Tensile strength was measured using a tensile tester (Instron Co., Ltd.) by pulling a test piece having a width of 10 mm and a length of 50 mm at a top / bottom clip interval of 20 mm and a tensile speed of 100 mm / min.

(7) Maximum heat shrinkage, maximum heat shrinkage temperature

Using TMA (SII Co., Ltd.), a test piece having a width of 3 mm and a length of 100 mm was heated to 200 ° C. under a load of 19.6 mN and a heating rate of 5 ° C./min, and the maximum heat shrinkage and maximum heat shrinkage temperature were measured.
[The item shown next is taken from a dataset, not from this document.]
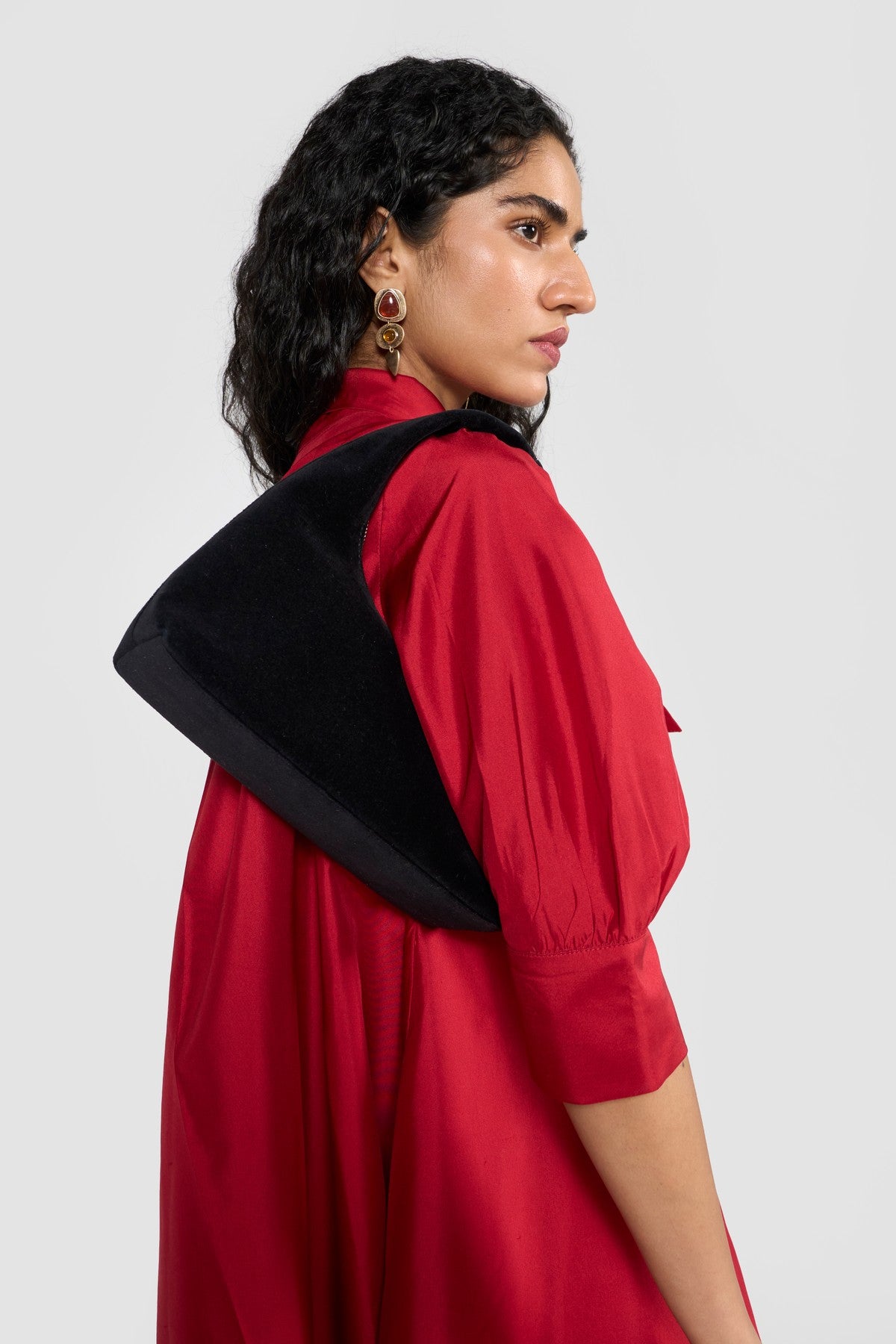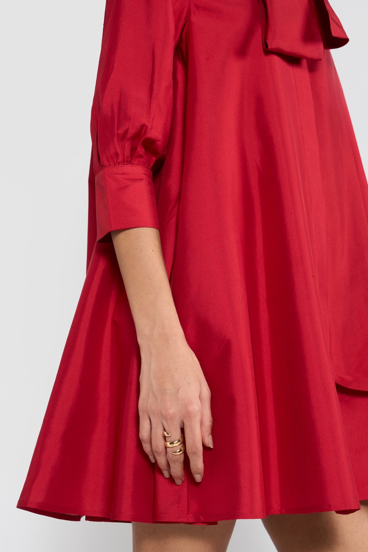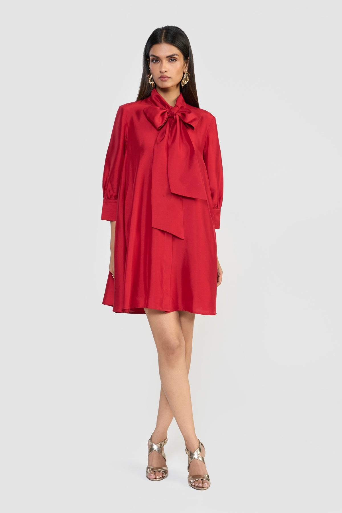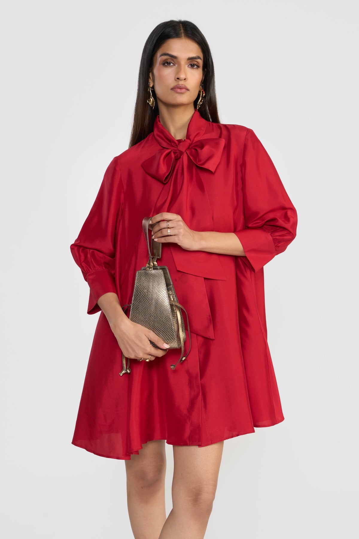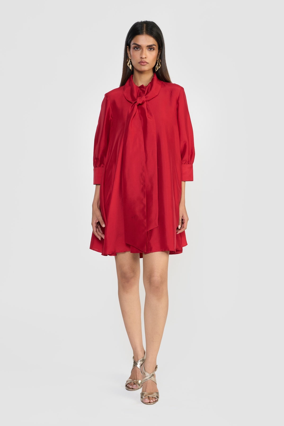 Crafted from premium silk taffeta and accented with an attached scarf collar, CELINE is designed for a relaxed, effortless fit. Its fluted hem creates a graceful A-line silhouette, complemented by a shirt collar, long sleeves, and a back box pleat for subtle volume and movement. Made from sustainably sourced viscose fibre derived from wood cellulose, this piece blends soft, structured textures with fluid silhouettes, offering a tactile expression of contemporary elegance.

As shown in Table 1, the coated porous membrane of Examples 1-4 formed from the polyolefin microporous membrane according to the present invention exhibited the same level of protrusion, tensile strength, and air permeability as those of the coated porous membranes of Comparative Examples 1 and 2. , Compared with the coated porous membranes of Comparative Examples 1 and 2 showed excellent heat resistance and adhesive strength. Specifically, when comparing the results of Examples 1 and 2 with the coating layer having a thickness of 2 um and Comparative Example 1, almost all physical properties measured in the case of the coating porous film of Comparative Example 1 whose surface roughness is outside the scope of the present invention It can be confirmed that the physical properties of the coated porous membranes of Examples 1 and 2 are inferior. In addition, when comparing the results of Examples 3 and 4 with the coating layer having a thickness of about 4 um and Comparative Example 2, the coated porous membrane of Comparative Example 2 whose surface roughness is outside the scope of the present invention has a particularly significant effect on the safety in the battery. It can be seen that the maximum heat shrinkage of the TMA is significantly worsened.

Claims (7)

A coating porous film having a water-based coating layer formed on one or both surfaces of a polyolefin microporous membrane having one or both surface roughness (rms) of 65 nm or less and a maximum roughness of 600 nm or less. delete The coated porous membrane of claim 1, wherein the polyolefin microporous membrane comprises a polyethylene resin, a polypropylene resin, or a mixture thereof. delete The coating porous film of claim 1, wherein the aqueous coating layer is formed from a coating liquid containing a binder polymer and an aqueous solvent. The coated porous film of claim 5, wherein the coating liquid further comprises inorganic particles. The method of claim 6, wherein the inorganic particles are alumina (Alumina), aluminum hydroxide (Aluminum Hydroxide), barium titanium oxide (Barium Titanium Oxide), magnesium oxide (Magnesium Oxide), magnesium hydroxide (Magnesium Hydroxide), clay (Clay), titanium oxide (Titanium Oxide), glass powder (Glass powder), boehmite (Coehmite) or a coating porous film of a mixture of two or more thereof.